7/19/2023, 12:39:53 PM

 真っ直ぐな彼の瞳と目が合った。少し小さめだけど穏やかな色をたたえた黒目が素敵。シャープな印象だから眼鏡も似合いそうだな、と勝手に想像して一人でにやけてしまう。
 何を見ているのだろう。そう考えて違和感。だって私は彼と目が合っている。──そう、目が、合っているのだ。それはつまり。
 状況を理解した途端に顔に熱が集まるのがわかった。色を変えたであろう頬を隠すように両手を当てるがもう遅い。

私の視線の先には愉しそうに笑う彼がいて。
彼の視線の先には真っ赤な顔をした私がいる。



/視線の先には

7/18/2023, 2:07:19 PM

 ご飯よ、とお母さんが私達を呼んだ。兄と妹と一緒に元気に返事をしてお母さんの待つテーブルへと駆け寄る。いつも私が一番乗りだ。
 けれどお母さんは私の横を通り過ぎて兄と妹の前にお皿を置いた。良い匂いだけが私に届く。

「ハンバーグだ!」
「やった!」

 嬉しそうな二人の声に微笑んだお母さんがやっと私を見た。ことりと目の前に置かれた皿は二人とは違うもの。いつもそうだ。いつもいつも私だけ二人やお母さん、お父さんとも違う。
 私もそれがいい、とお母さんの服を引っ張った。

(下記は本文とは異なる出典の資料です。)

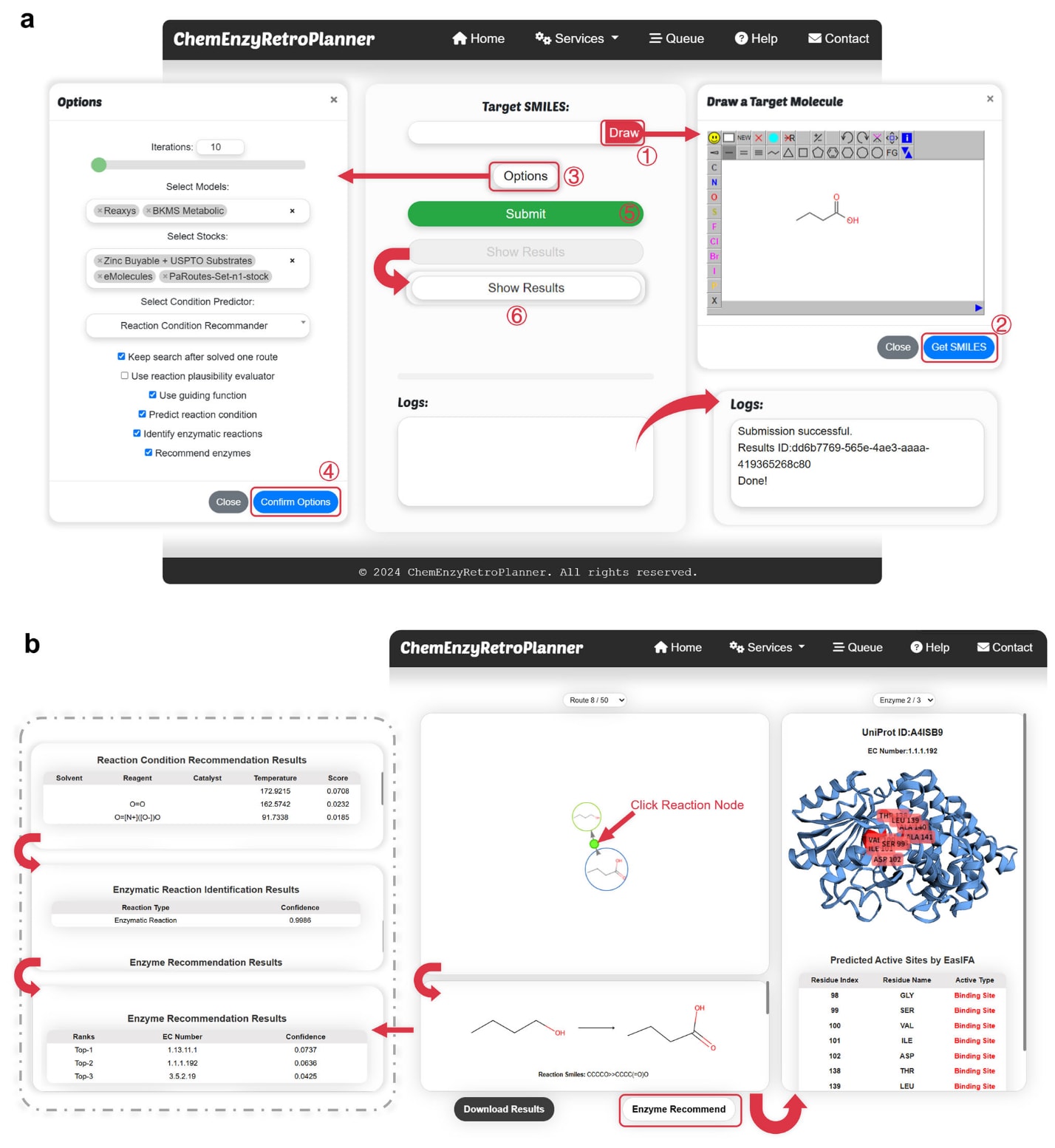 图2 | 展示了有机-酶催化混合合成规划平台ChemEnzyRetroPlanner的平台界面。 a为参数选择界面与日志输出界面;b为平台的合成路径展示界面与酶活性位点展示界面。
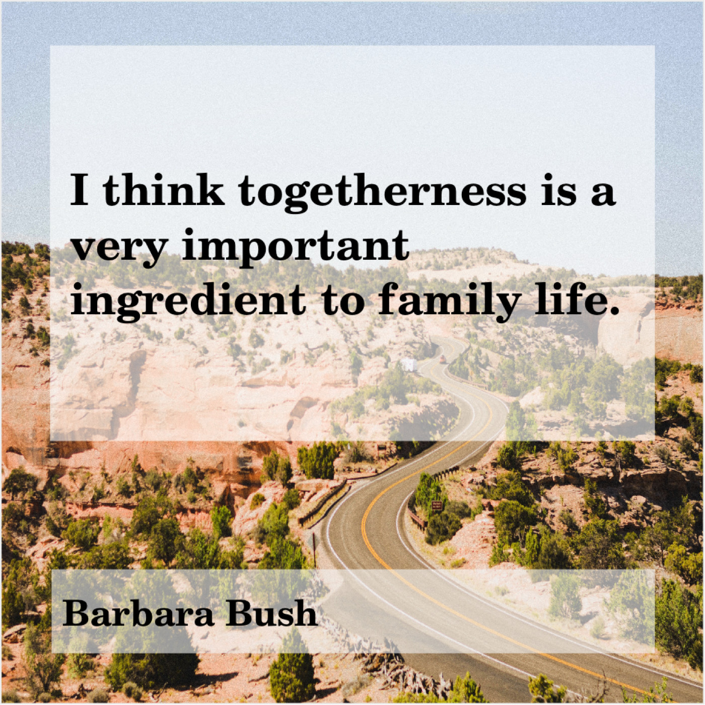 Barbara Bush Barbara Bush – I think togetherness is a… September 8, 2019 admin “I think togetherness is a very important ingredient to family life.”-Barbara Bush

目の前に置かれた皿を押しやり兄や妹の周りを駆け回って一緒がいいと主張する。

「どうしたどうした」

 遅れてやって来たお父さんが走り回る私を見て目を丸くした。
 そうだ、優しいお父さんなら自分の分を分けてくれるかもしれない。そう考えてお父さんの席に飛び乗った所で慌てた様子のお母さんに抱き上げられた。

「犬にタマネギは駄目なんだってばー!」



/私だけ

7/17/2023, 12:18:37 PM

 初恋の人がいた。
 ふわふわ柔らかな髪を揺らしながらぱちりと大きな目を潤ませて、同い年の子達よりも少し小さな体で私の後ろを懸命について来ていた可愛いあの子。突然やって来て突然ぱったりと姿を見せなくなった上に何故かその地域の学校では会えなかったから一緒に遊んだ回数は数える程だったけれど。私の手を握って安心したように微笑む顔を思い出すと、今でも胸が切なくキュンとするのだ。

「ほんとに可愛かったんだよー」
「……"ユウくん"?」
「そう。ユウくん」

 過去に思いを馳せて頬を赤らめる女に、へぇ、と男は素っ気なく返事をした。愛想の良い男の無愛想な反応に驚いたように顔を上げた女は身を乗り出してその顔を覗き込む。

「妬いてる?」

 そう言って悪戯っぽく笑った女の顔に一瞥を返して、男は手元のマグカップに口を付けた。

「ね、妬いてるよね?ね?」
「はいはい妬いてる妬いてる」
「ふふ。マサルも可愛いとこあるじゃん」

 ご機嫌に席に座り直した女は気がつかない。
 男が隠れたマグカップの奥で笑っていたことも、昔と変わらないその悪戯な笑い方を懐かしんでいたことも、再びその手に触れられた男の喜びも。
 今は全て、"優くん"だけが知っていた。